▶ _INSTRUCTIONS FOR THE TASK_
Would you transcribe the records below from the line with "Comparison of oil" to the line with "受客戶委托,梅州市嘉應(yī", ends included, exactly and with nothing more, leaving the pictures out?

▶ _DATA_
------------------------------------------------------------------------

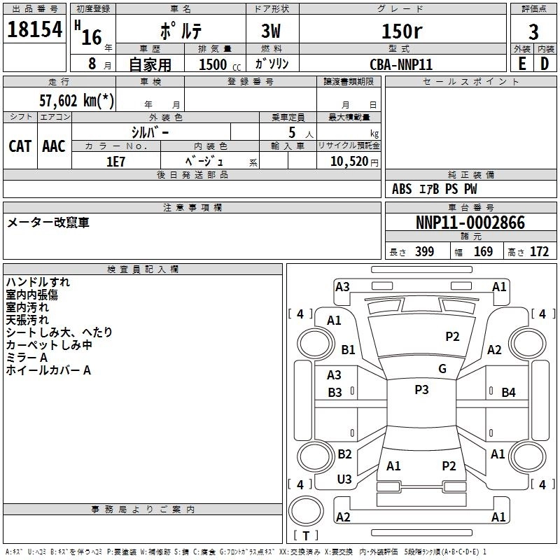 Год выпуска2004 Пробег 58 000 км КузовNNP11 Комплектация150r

------------------------------------------------------------------------

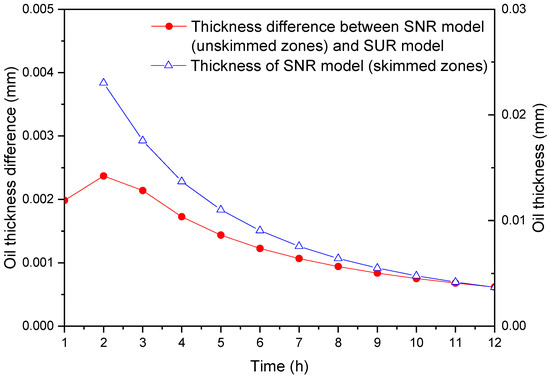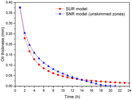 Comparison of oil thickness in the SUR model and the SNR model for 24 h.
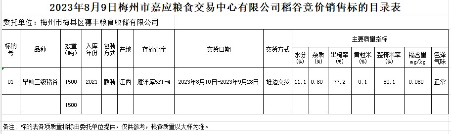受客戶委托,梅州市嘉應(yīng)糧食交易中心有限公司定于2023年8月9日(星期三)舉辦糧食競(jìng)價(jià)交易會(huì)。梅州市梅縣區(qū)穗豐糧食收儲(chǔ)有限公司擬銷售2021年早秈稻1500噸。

------------------------------------------------------------------------

▶ _RESPONSE AREA_
 Comparison of oil thickness in the SUR model and the SNR model for 24 h.
受客戶委托,梅州市嘉應(yīng)糧食交易中心有限公司定于2023年8月9日(星期三)舉辦糧食競(jìng)價(jià)交易會(huì)。梅州市梅縣區(qū)穗豐糧食收儲(chǔ)有限公司擬銷售2021年早秈稻1500噸。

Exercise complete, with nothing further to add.